[llvm] Add a pass to calculate machine function's cfg hash to detect whether… (PR #84145)
via llvm-commits
llvm-commits at lists.llvm.org
Tue Apr 23 20:18:18 PDT 2024
================
@@ -0,0 +1,73 @@
+//===-- MachineFunctionHashBuilder.cpp ----------------------------------*-
+// C++ -*-===//
+//
+// Part of the LLVM Project, under the Apache License v2.0 with LLVM Exceptions.
+// See https://llvm.org/LICENSE.txt for license information.
+// SPDX-License-Identifier: Apache-2.0 WITH LLVM-exception
+//
+//===----------------------------------------------------------------------===//
+///
+/// \file
+/// This file contains the implementation of pass about calculating machine
+/// function hash.
+//===----------------------------------------------------------------------===//
+#include "llvm/CodeGen/MachineFunctionHashBuilder.h"

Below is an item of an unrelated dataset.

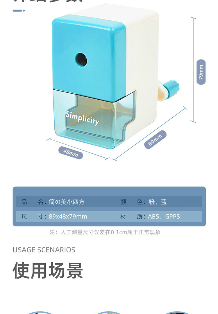 Yuhe automatic pencil sharpener Morandi color pencil sharpener office study supplies hand-cranked pencil sharpener 6167 blue
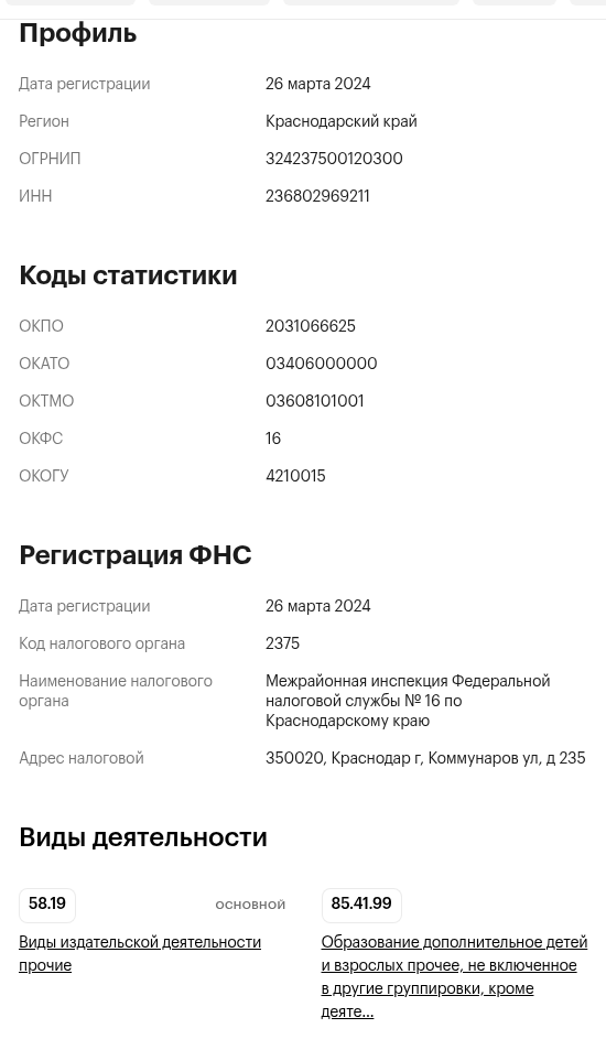 Аслан работает официально. Зарегистрирован как ИП Гутов А.А. ИНН 236802969211, ОГРНИП 324237500120300. Адрес: Краснодарский край, город Белореченск, улица Кочергина, д. 56. По этому адресу находится частный дом. Но регистрироваться как ИП по месту прописки или проживания — нормальная практика.

+#include "llvm/ADT/StringMap.h"
+#include "llvm/ADT/StringRef.h"
+#include "llvm/Support/CommandLine.h"
+#include "llvm/Support/MD5.h"
+#include "llvm/Support/raw_ostream.h"
+#include <queue>
+#include <unordered_map>
+#include <unordered_set>
+
+using namespace llvm;
+
+// Calculate machine function hash in level order traversal.
+// The control flow graph is uniquely represented by its level-order traversal.

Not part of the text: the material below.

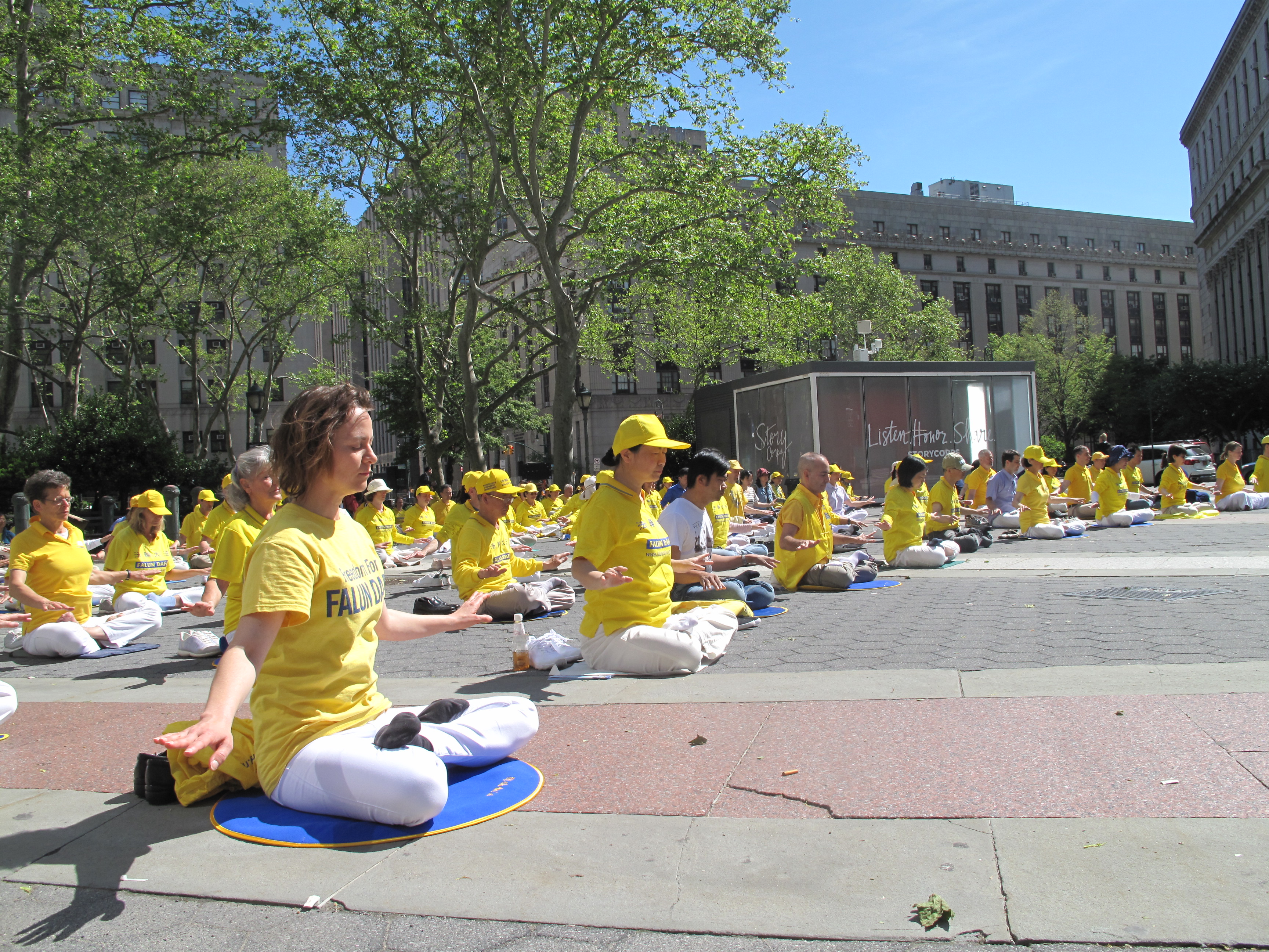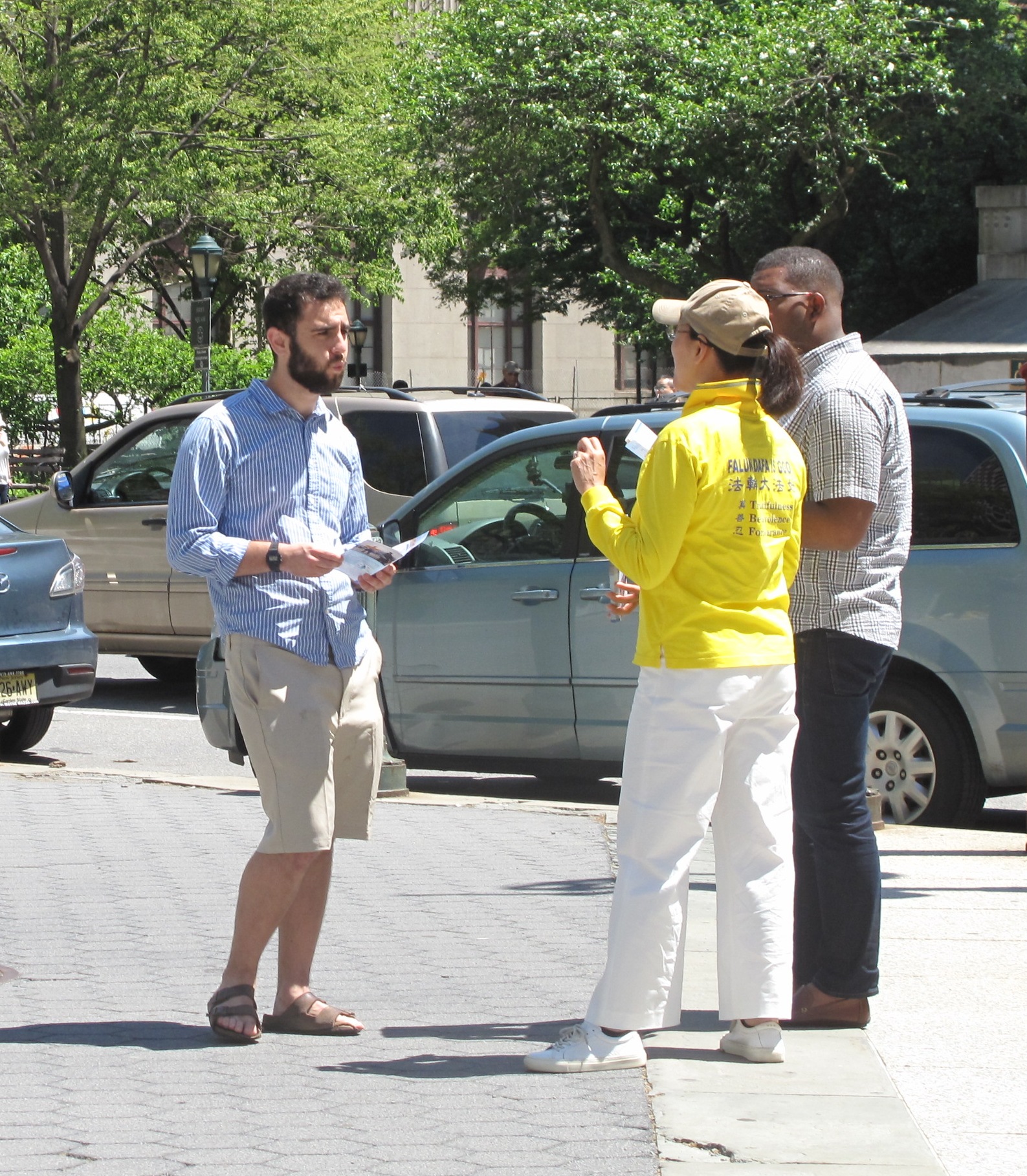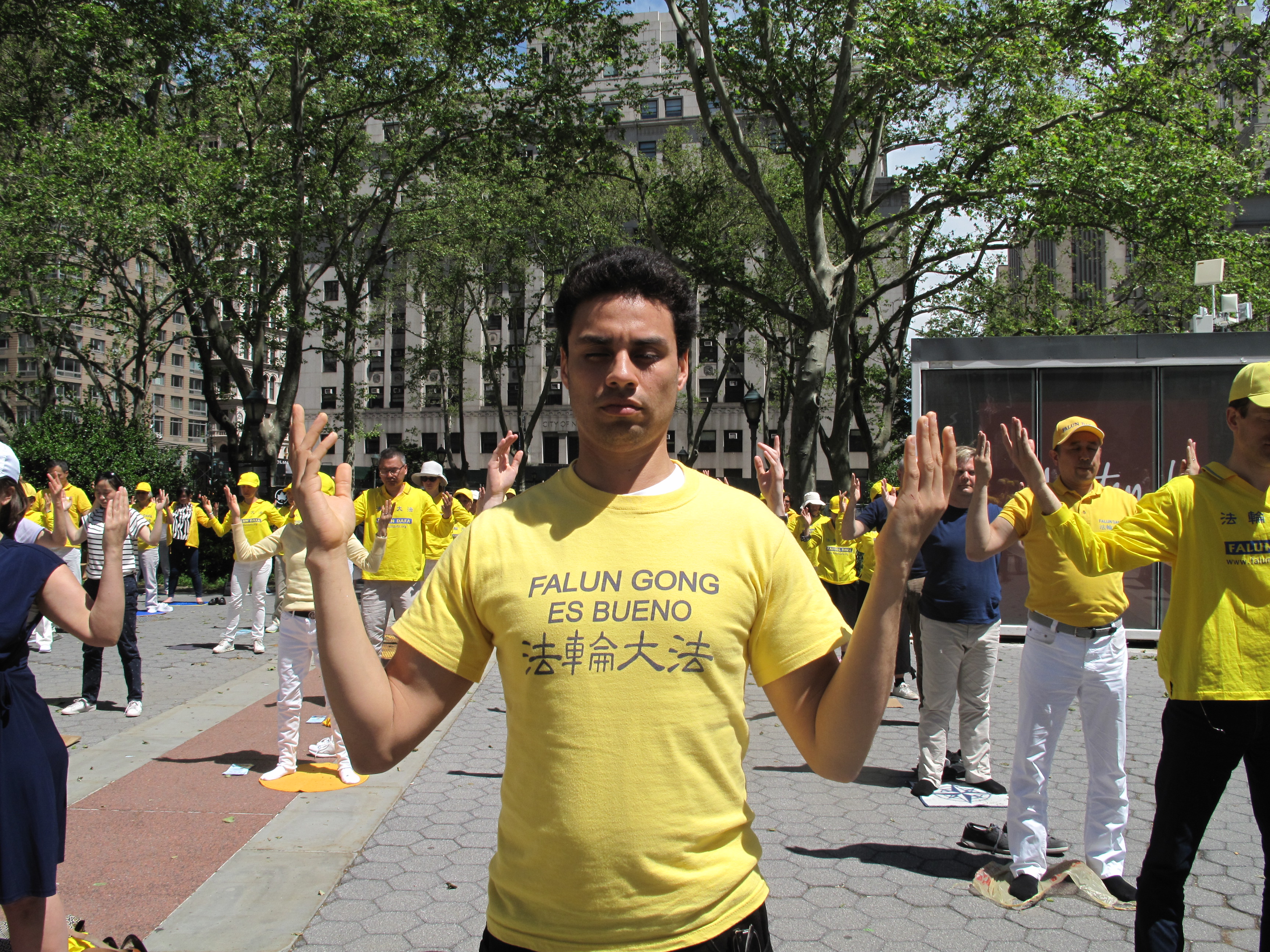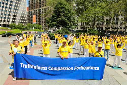 【明慧网二零一九年五月十九日】(明慧记者方元、德祥美国纽约采访报道)二零一九年五月十八日,参加第二十届世界法轮大法日庆祝活动的部分法轮功学员在纽约富利广场(Foley Square)集体炼功,向美国社会民众和各国游客展示法轮功的美好。有路人当场学炼法轮功。

+static uint64_t calculateMBBCFGHash(const MachineFunction &MF) {
+ if (MF.empty())
+ return 0;
+ std::unordered_set<const MachineBasicBlock *> Visited;
+ MD5 Hash;
+ std::queue<const MachineBasicBlock *> WorkList;
+ WorkList.push(&*MF.begin());
+ while (!WorkList.empty()) {
+ const MachineBasicBlock *CurrentBB = WorkList.front();
+ WorkList.pop();
+ uint32_t Value = support::endian::byte_swap<uint32_t, endianness::little>(
+ CurrentBB->getBBID()->BaseID);
+ uint32_t Size = support::endian::byte_swap<uint32_t, endianness::little>(
+ CurrentBB->succ_size());
+ Hash.update(ArrayRef((uint8_t *)&Value, sizeof(Value)));
----------------
lifengxiang1025 wrote:
> In this mechanism, the cfg hashing will not tolerate a change to the compiler where the blocks had the same CFG but somehow got re-numbered, right?
Thanks for reply. Yes, you are right.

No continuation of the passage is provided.